Iterative Development and Tool Selection
The dashboard was created using Python Dash, a tool designed for building interactive, web-based visualizations. Dash works well with libraries like Pandas and Plotly, making it simple to process data and create dynamic charts. Pandas was used to load, clean, and organize the data, while Plotly was used to design interactive charts such as bar graphs, line charts, and bubble charts, complete with hover features and tooltips for better user interaction. Dash brought everything together by combining these charts into an easy-to-use, web-based dashboard.
The interactivity of the dashboard was a key feature. For Thailand's export dashboard enabling it to filter data by product categories and time periods ensuring stakeholders could easily explore trends, compare market shares, and analyze growth opportunities. For other dashboard, they have shown the information clearly when pointing at focusing data. This was implemented to provide a user-friendly experience.

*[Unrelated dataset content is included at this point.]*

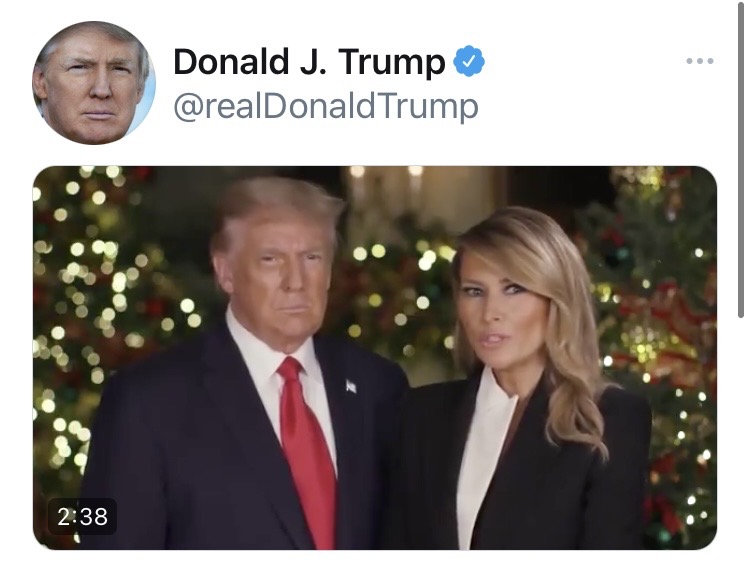 在視頻中,他和他的夫人梅拉尼婭送出了聖誕祝福,並對美國的醫護工作者、疫苗研發人員表示感謝,並猛誇疫苗是“聖誕奇蹟”,將很快結束這次疫情。

## 5. Review of Analytics Methods Chosen

When designing this dashboard, various analytics were used to ensure that data was displayed and analyzed in a way that could fit into the goals of the dashboard. These practices ensure transparent, informative and user-centric visualizations. This data was derived by a line graph of sales trends from 1999-2023 for all products and is suited for time series analysis to view the trends over time, spot patterns and detect potential anomalies or trends in product sales. This approach is particularly useful for those stakeholders who want to learn more about the long-term performance and seasonal variations (Hyndman, 2018). The tooltips and zooming capabilities of the line graph provide additional user engagement for further analysis of individual product trends. We used a stacked bar chart to display the country market share for each product category. This visualization allows users to compare the countries side by side so that they can evaluate the relative proportion of each country to a product’s total sales. It was also reinforced by visual analytics studies that demonstrate the value of comparative visualizations for decision-making and relative evaluation (Few, 2009). When combined the data, the graph not only shows the ratio of each country’s share, it also illustarte the amount of sales for each product line to better see market position and competition. It selected a bubble chart for the three values, price, and inflation. The technique allows the user to plot the correlation between these variables at the same time using bubbles position (x and y), size, and color. These visualizations can be used for exploratory analysis, notably when dealing with multiple-variable complex relationships (Munzner, 2014). The dashboard is user interface driven so that visualizations are both informative and easy to use and comprehend. As is recommended by visualization theory (Tufte, 1983; Norman, 2013), the dashboard is simple and concise with no chartjunk that might hinder the user from getting value from the dashboard.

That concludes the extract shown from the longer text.